Recall the latency pyramid from OS: an SSD read is ~100 µs and an HDD seek ~10 ms — roughly 1,000× and 100,000× slower than RAM's ~100 ns. So every trip to disk is precious, which is why the OS aggressively caches disk data in spare RAM (the page cache, Section 4) and why the two metrics that describe a disk are IOPS (I/O operations per second — how many separate reads/writes) and throughput (MB/s — bulk transfer). A workload of many tiny random reads is IOPS-bound; a bulk copy is throughput-bound. Knowing which you're up against is half of storage performance debugging.
3 · Block, file, and object: three ways to see storage
Raw blocks are hard to use directly, so storage is exposed through three abstractions. Interviewers ask you to compare them because each maps to different real systems (local disks, NAS, S3):
The mental model: block is the foundation, file and object are conveniences built for different goals. A database often wants block storage (it manages its own layout for performance). Applications want file storage for familiarity. Anything needing massive, cheap, durable capacity for whole-object reads/writes (backups, images, data lakes) wants object storage. The rest of this module drills into the file/filesystem layer and then into how databases lay bytes on block storage — because that's where the deep interview questions live.
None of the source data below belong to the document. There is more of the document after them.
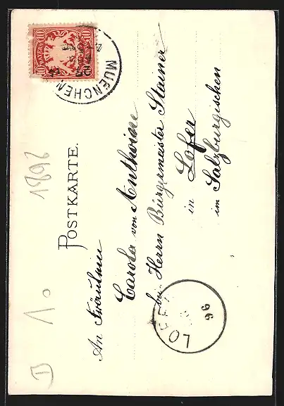 gelaufen 1896, Eckknick und Bugspuren rechts oben, guter Zustand
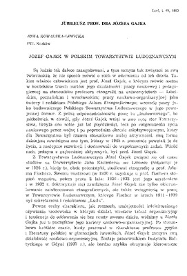 Józef Gajek w Polskim Towarzystwie Ludoznawczym / LUD 1985 t.69
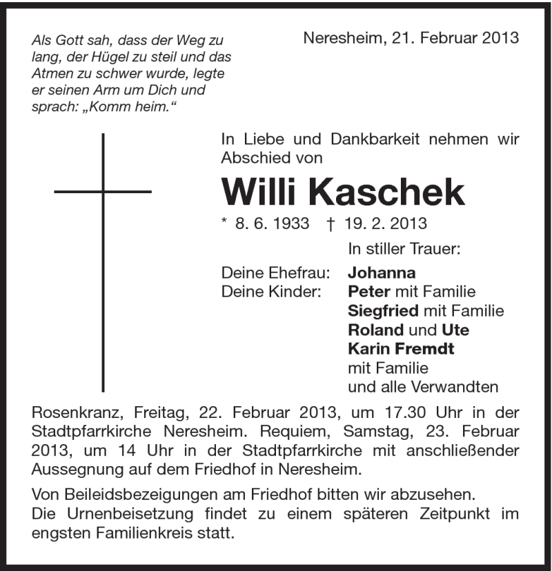 Hier finden Sie alle Traueranzeigen aus der Zeitung, die bisher für Willi Kaschek erschienen sind. Weitere Traueranzeigen, die in der Zeitung erscheinen, werden hier ebenfalls aufgelistet
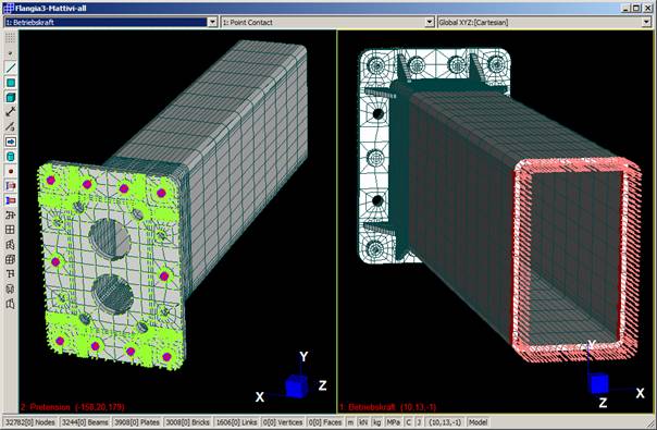Punti di distacco flangia (in rosa a sinistra); forze sui bulloni (a destra)
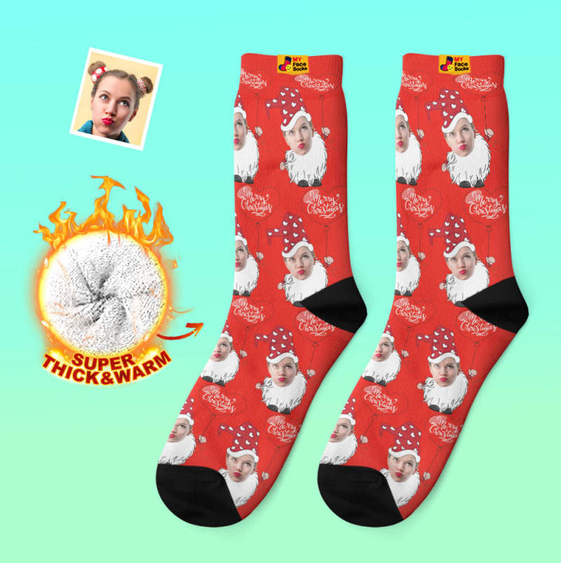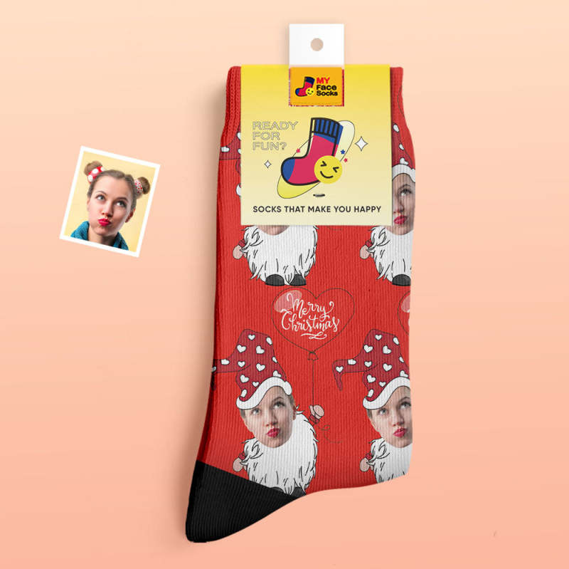 Calcetines Gruesos Personalizados Foto Otoño Invierno Calcetines Cálidos Gnomo De Navidad Con Globo En Forma De Corazón Calcetines De Navidad

4 · The filesystem: inodes, names, and links
A filesystem is the bookkeeping that turns a flat array of blocks into named files in directories. Its central data structure is the inode ("index node"), and understanding it dissolves a whole class of confusing behaviours.
Here is the key separation, which surprises almost everyone: a file's name is not part of the file. The inode holds everything about the file — its size, permissions, timestamps, and pointers to the data blocks — but not its name. The name lives in the directory, which is simply a table mapping names to inode numbers (a directory entry, or "dirent"). So a directory is just a list like "report.txt → inode 4021."
You ask to open a path. The kernel resolves it one component at a time, walking down directories: look up home in /, then user in home, then file.txt in user. Each step is a directory lookup.
In the final directory, the entry file.txt maps to an inode number (4021). That's all the directory holds — a name and a number. The name and the file are two separate things joined here.
The kernel reads inode 4021, which holds the file's metadata — size, owner, permissions, timestamps — and, crucially, pointers to the data blocks. The name isn't here. Neither is the data — just where to find it.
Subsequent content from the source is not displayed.